WHAT THE EXERCISE ASKS: Quote exactly, and only, the lines of the material below from the line with "本次分享会刘玉霏共从以下三个部分展开:专业课学习、教资考试、感想与问题解答。" through the line with "首先,洪飏老师将十九大中所提".

ENTRIES SHOWN:
- Opening Delimiter -

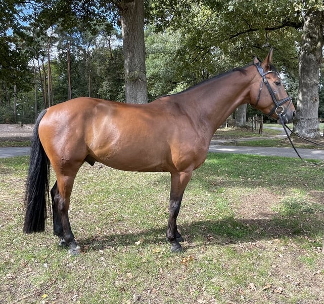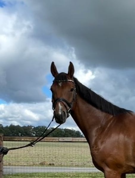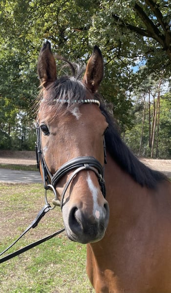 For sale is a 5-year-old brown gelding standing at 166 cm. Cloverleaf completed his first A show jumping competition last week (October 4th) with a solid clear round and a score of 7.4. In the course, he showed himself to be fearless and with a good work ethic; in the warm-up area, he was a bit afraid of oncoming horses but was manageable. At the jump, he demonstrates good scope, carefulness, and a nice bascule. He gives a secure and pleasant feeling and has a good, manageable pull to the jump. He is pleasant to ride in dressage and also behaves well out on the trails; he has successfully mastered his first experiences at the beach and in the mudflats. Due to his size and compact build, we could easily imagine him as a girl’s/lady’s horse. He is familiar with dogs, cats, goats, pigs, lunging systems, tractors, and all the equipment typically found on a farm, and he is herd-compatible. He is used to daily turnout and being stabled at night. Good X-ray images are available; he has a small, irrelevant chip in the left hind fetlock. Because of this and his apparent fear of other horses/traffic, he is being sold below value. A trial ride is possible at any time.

- Closing Delimiter -
- Opening Delimiter -

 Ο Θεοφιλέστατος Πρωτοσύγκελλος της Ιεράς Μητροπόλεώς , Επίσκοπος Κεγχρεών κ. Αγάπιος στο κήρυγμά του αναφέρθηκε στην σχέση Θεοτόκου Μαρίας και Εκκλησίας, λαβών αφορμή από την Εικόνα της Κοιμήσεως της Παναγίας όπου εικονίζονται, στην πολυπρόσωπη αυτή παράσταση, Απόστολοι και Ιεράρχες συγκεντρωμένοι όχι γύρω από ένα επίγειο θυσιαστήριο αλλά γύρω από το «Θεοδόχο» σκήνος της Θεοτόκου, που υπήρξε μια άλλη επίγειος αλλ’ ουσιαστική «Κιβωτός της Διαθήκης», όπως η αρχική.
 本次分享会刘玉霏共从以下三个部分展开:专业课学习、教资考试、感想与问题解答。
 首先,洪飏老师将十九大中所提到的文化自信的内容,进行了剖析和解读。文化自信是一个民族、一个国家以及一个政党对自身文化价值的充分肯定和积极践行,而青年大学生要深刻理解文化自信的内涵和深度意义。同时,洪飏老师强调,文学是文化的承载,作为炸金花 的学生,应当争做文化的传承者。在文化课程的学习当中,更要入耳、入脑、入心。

- Closing Delimiter -
- Opening Delimiter -

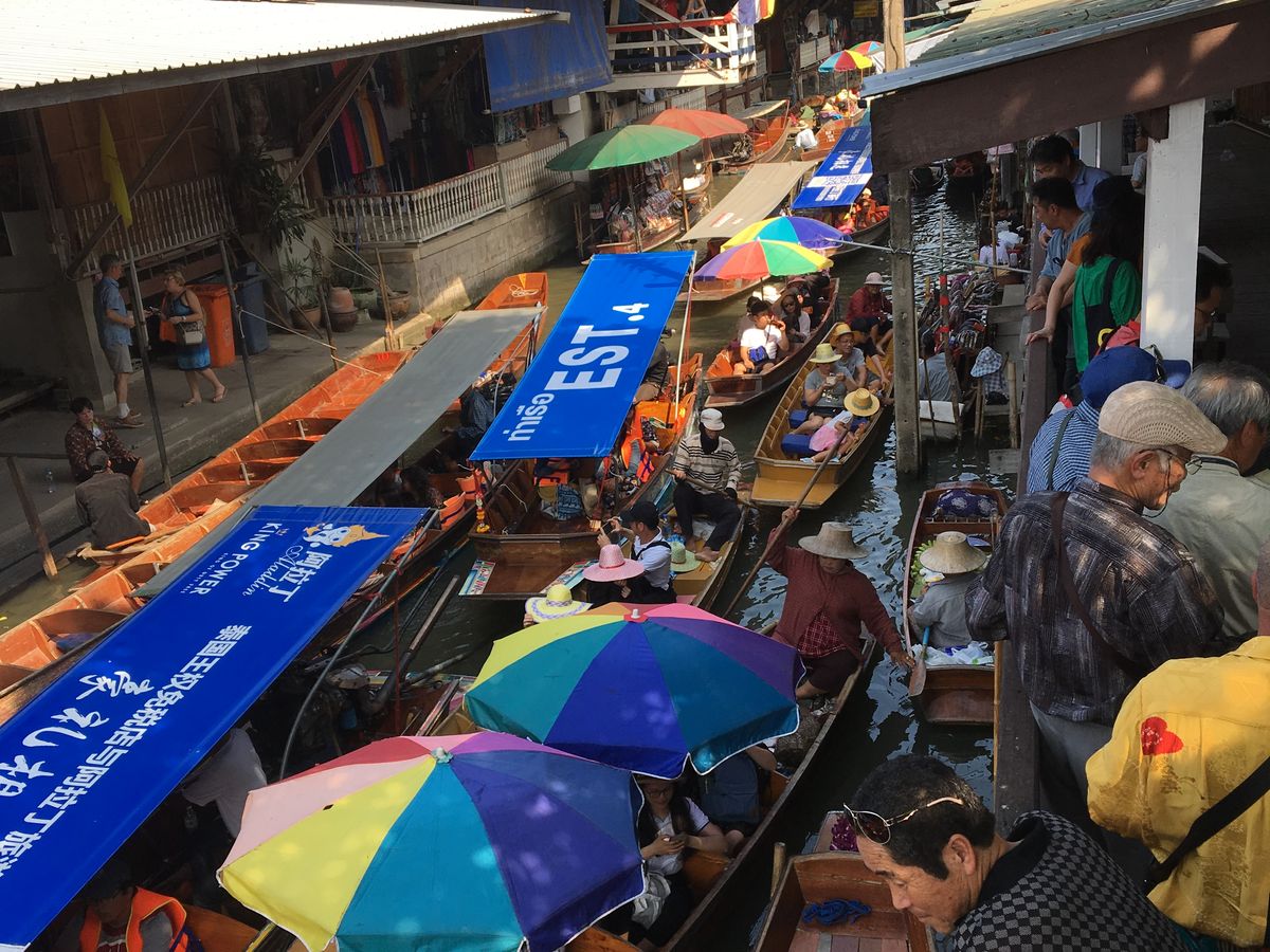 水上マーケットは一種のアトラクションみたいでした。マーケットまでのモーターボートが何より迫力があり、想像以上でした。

- Closing Delimiter -

WRITTEN ANSWER:
 本次分享会刘玉霏共从以下三个部分展开:专业课学习、教资考试、感想与问题解答。
 首先,洪飏老师将十九大中所提到的文化自信的内容,进行了剖析和解读。文化自信是一个民族、一个国家以及一个政党对自身文化价值的充分肯定和积极践行,而青年大学生要深刻理解文化自信的内涵和深度意义。同时,洪飏老师强调,文学是文化的承载,作为炸金花 的学生,应当争做文化的传承者。在文化课程的学习当中,更要入耳、入脑、入心。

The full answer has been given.